Return the records from the first line through the line containing "pantry en toilet", and leave out the pictures.

——

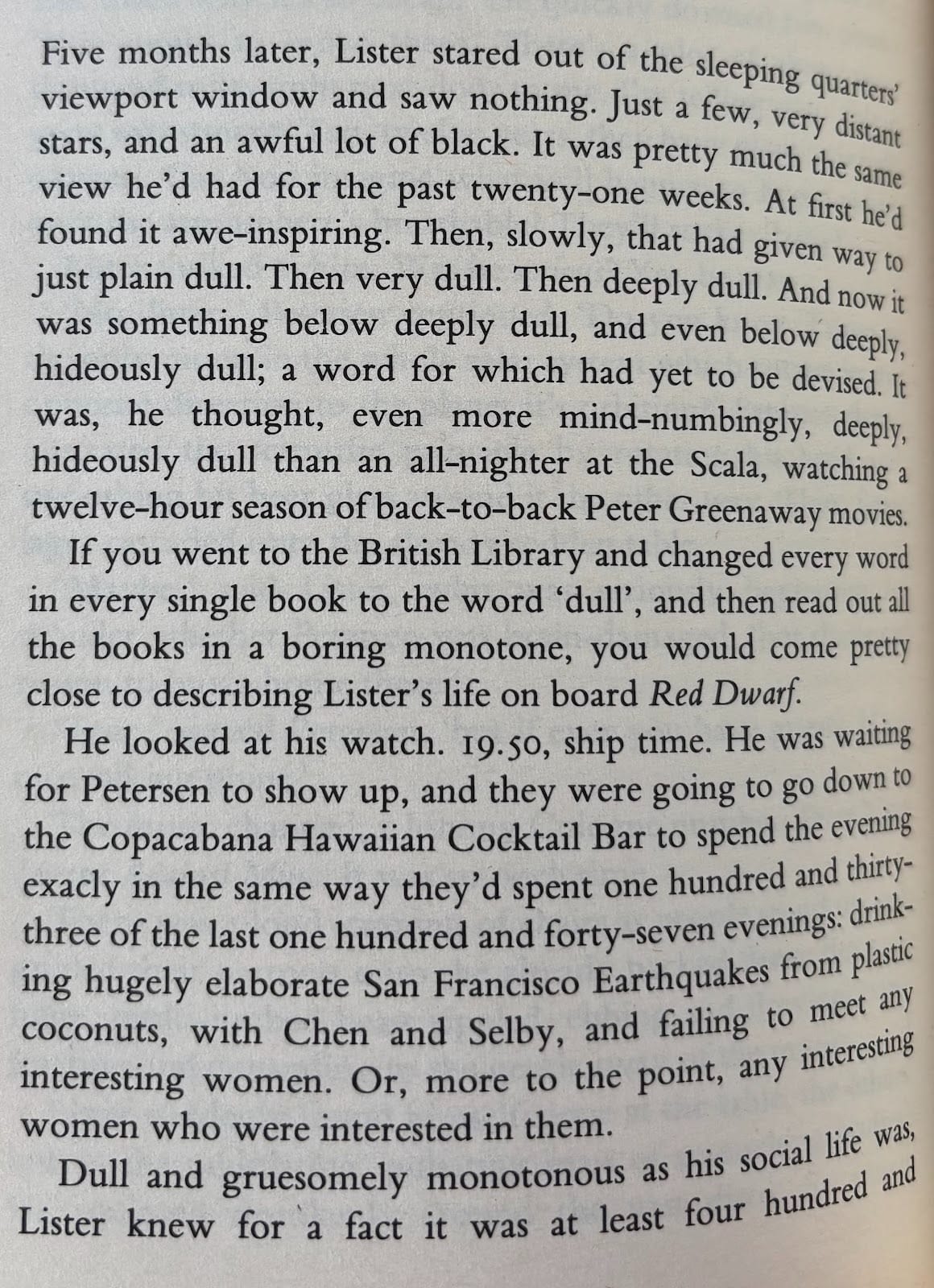 Sometimes it’s hard to parse the timeline of events from before you were born. In between 2001 and Star Wars lay both Silent Running and Dark Star, and Red Dwarf primed me for both. I would rediscover Alien a few years later. Never mind the awful hotel-like fixtures of The Next Generation; it’s not really space without boiler suits and dull corridors. Maybe it’s a wonder, but maybe it’s also a fuckin’ job.
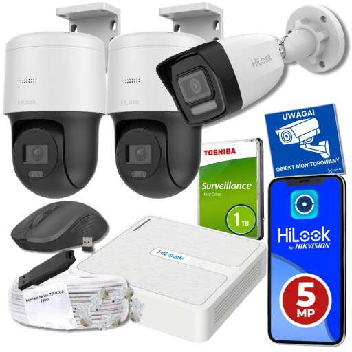Комплект IP-мониторинга на 3 камеры: 2x IP PoE 4MPx HiLook PTZ-камера
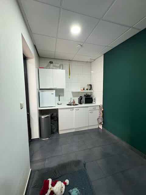 • Eveneens voorzien van moderne afwerking en installaties. Uitgerust met systeemplafond, inbouwarmaturen, airco (split-unit), pantry en toilet
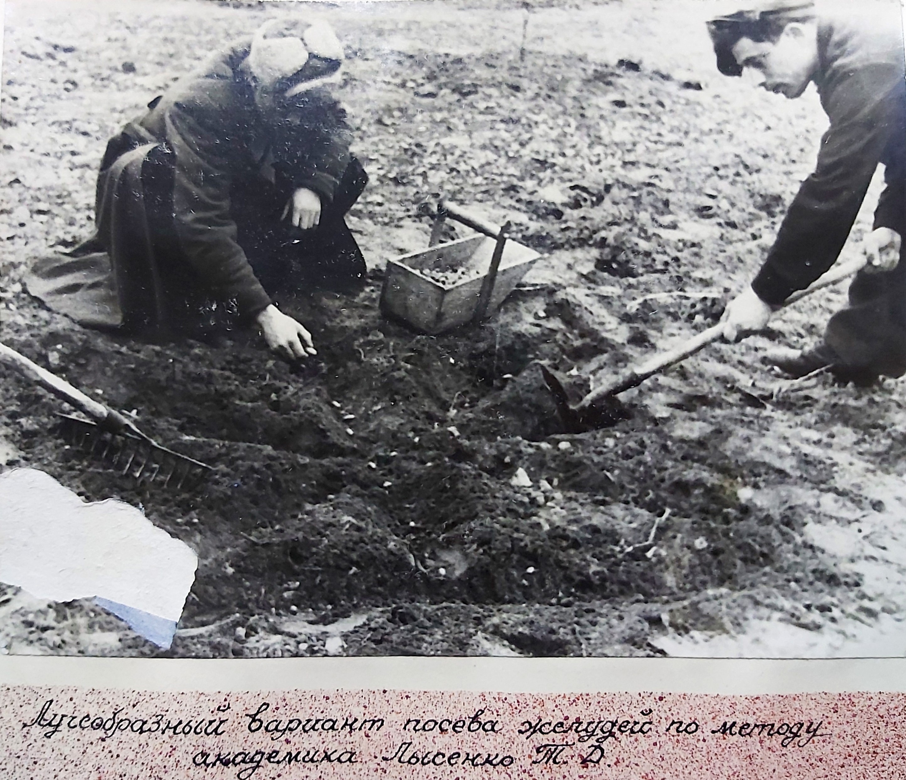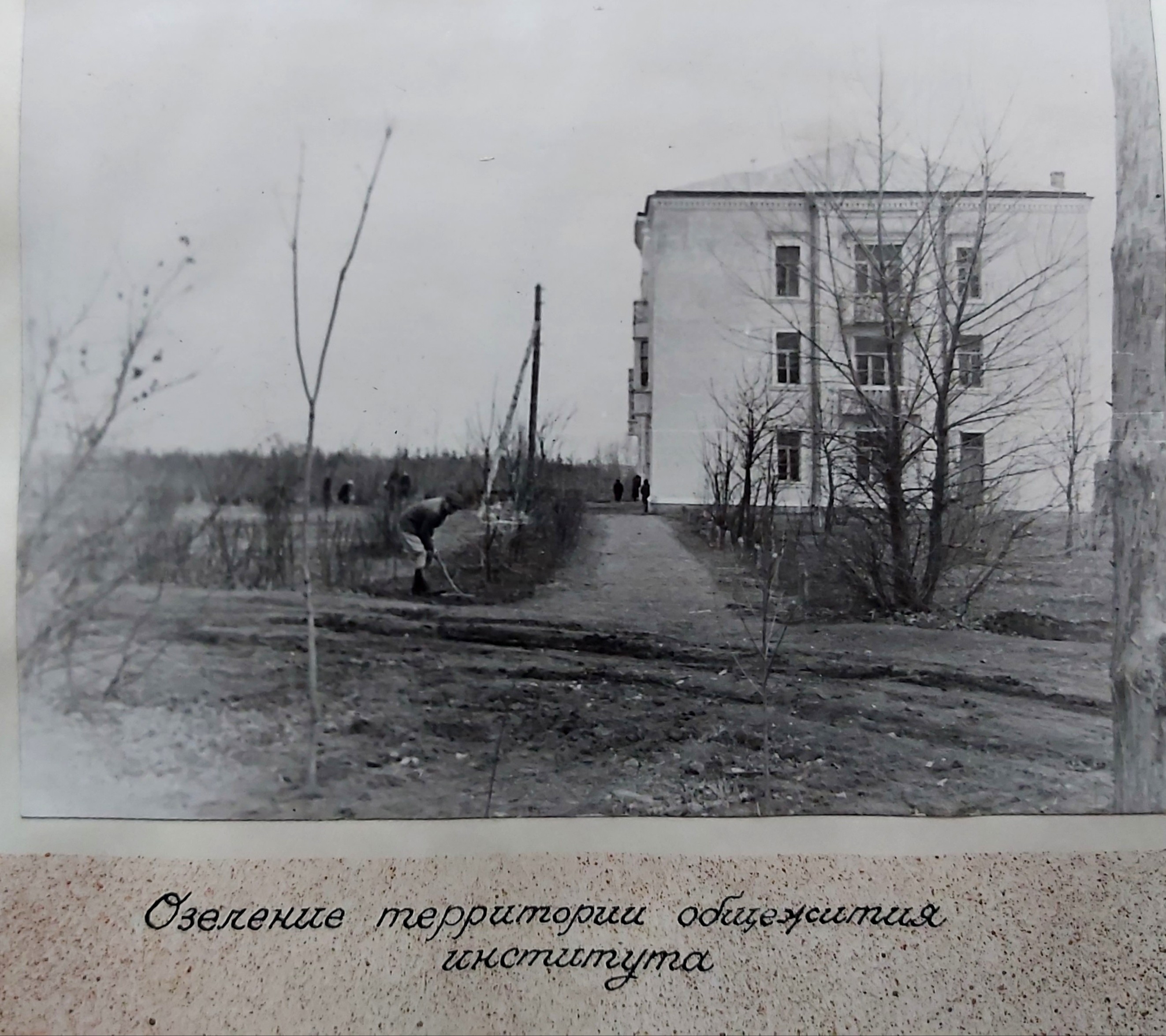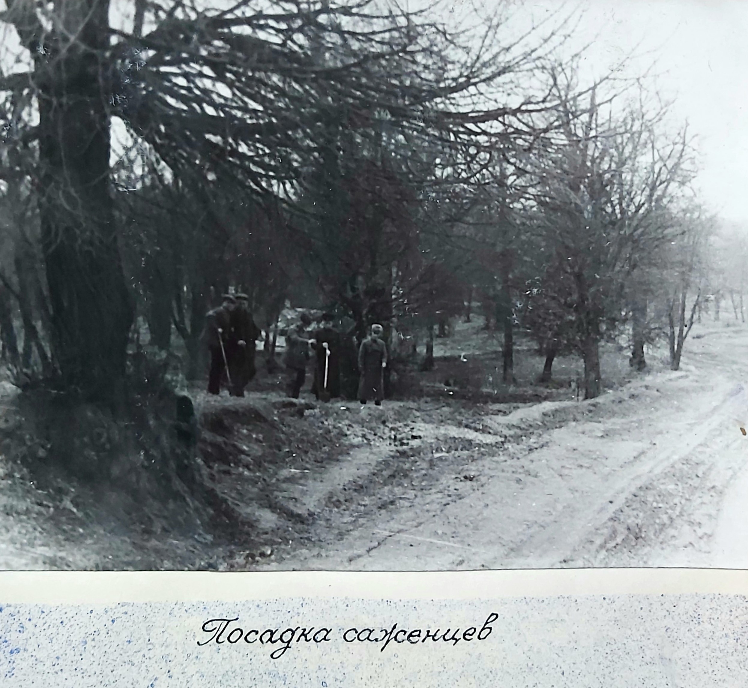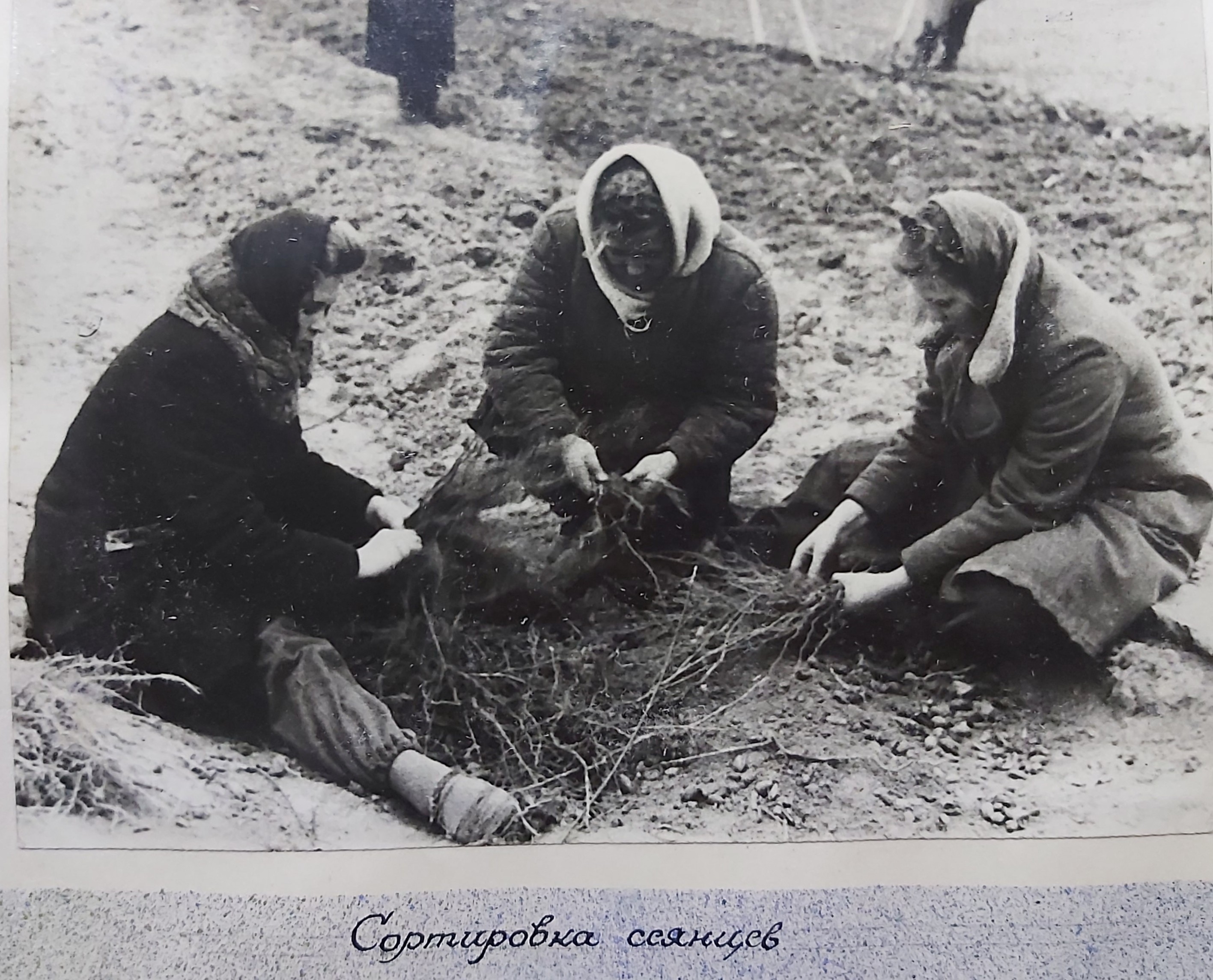1949 рік. Лісовідновлювальні роботи студентів Київського лісогосподарського інституту у Боярському навчально-дослідному лісгоспі.
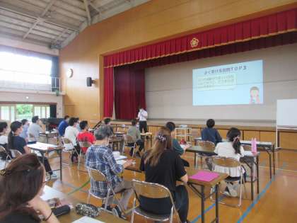 教職員で,指導力・授業力の向上をめざし,研修を行いました。密をさけ,換気をして研修をするため,体育館で行いました。理科の専門の先生に来ていただき,指導について,理科の特性について学びました。今日の学びを,子どもたちの指導に生かしていきます。
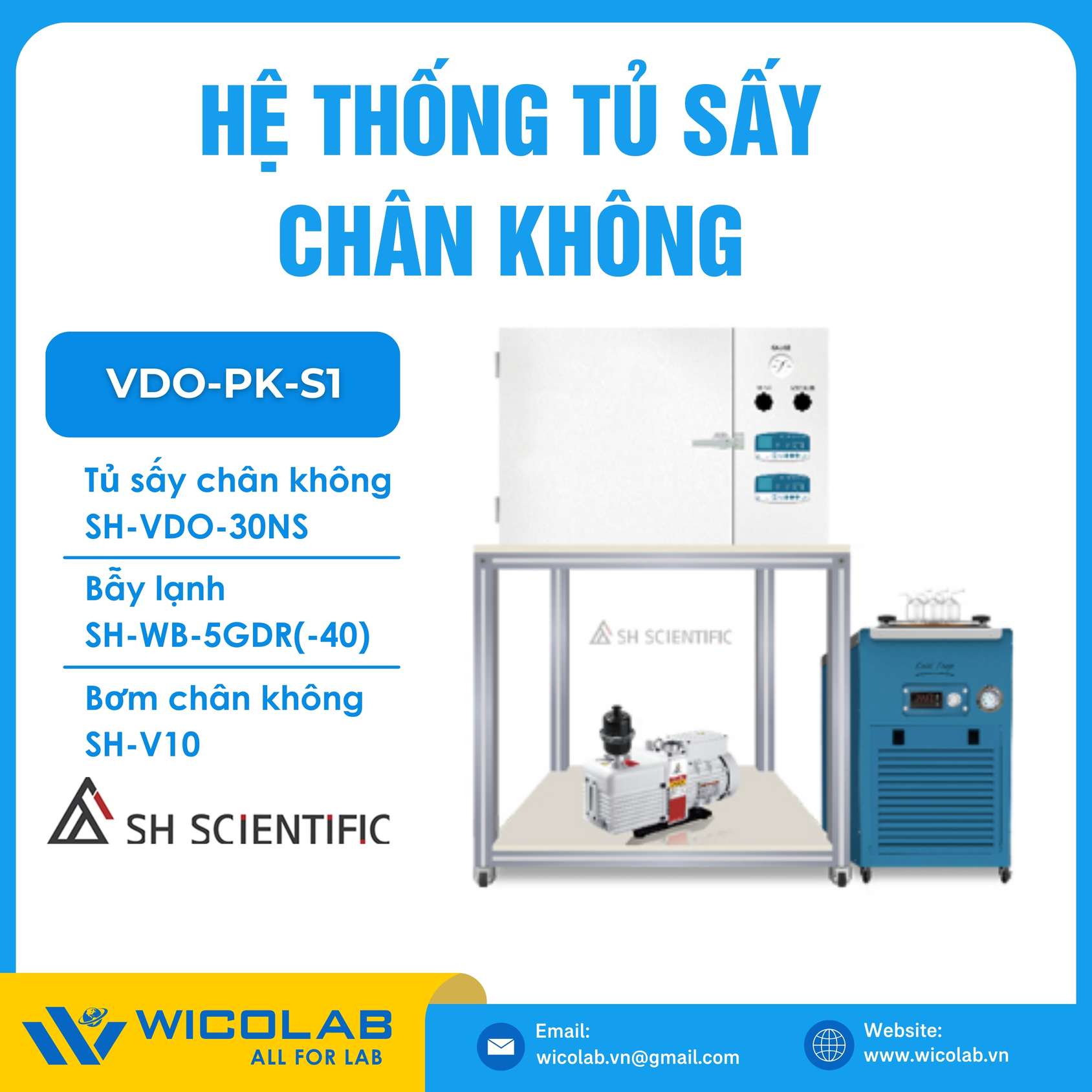Hệ Thống Tủ sấy chân không SH Scientific Hàn Quốc VDO-PK-S1🌟 Cung cấp trọn bộ gồm Tủ sấy 27 lít + Bơm Chân Không V20 + Bẫy lạnh - Cold Trap SH-WB-5GDR(-40). Nhiệt độ tối đa 450 độ C. Sản phẩm được nhập khẩu và phân phối chính hãng bởi WICOLAB. Bảo hành lên tới 12 tháng. Hỗ trợ giao hàng toàn quốc.
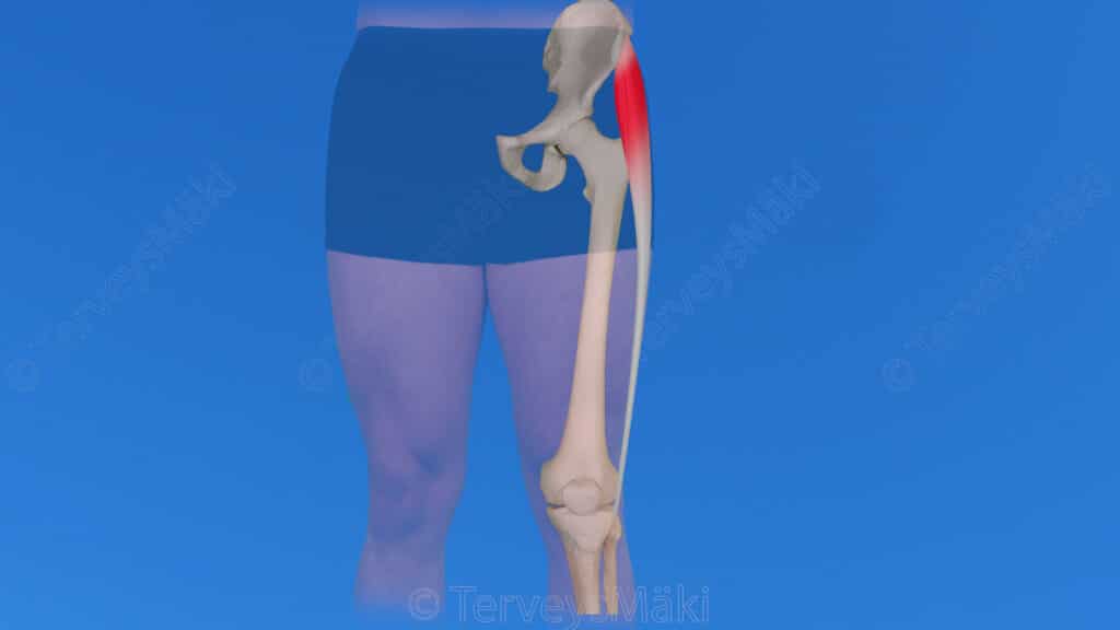 Kuva tensor fasciae latae lihaksen lähtökohdat & kiinnityskohdat

——

Completed task:
 Sometimes it’s hard to parse the timeline of events from before you were born. In between 2001 and Star Wars lay both Silent Running and Dark Star, and Red Dwarf primed me for both. I would rediscover Alien a few years later. Never mind the awful hotel-like fixtures of The Next Generation; it’s not really space without boiler suits and dull corridors. Maybe it’s a wonder, but maybe it’s also a fuckin’ job.
Комплект IP-мониторинга на 3 камеры: 2x IP PoE 4MPx HiLook PTZ-камера
 • Eveneens voorzien van moderne afwerking en installaties. Uitgerust met systeemplafond, inbouwarmaturen, airco (split-unit), pantry en toilet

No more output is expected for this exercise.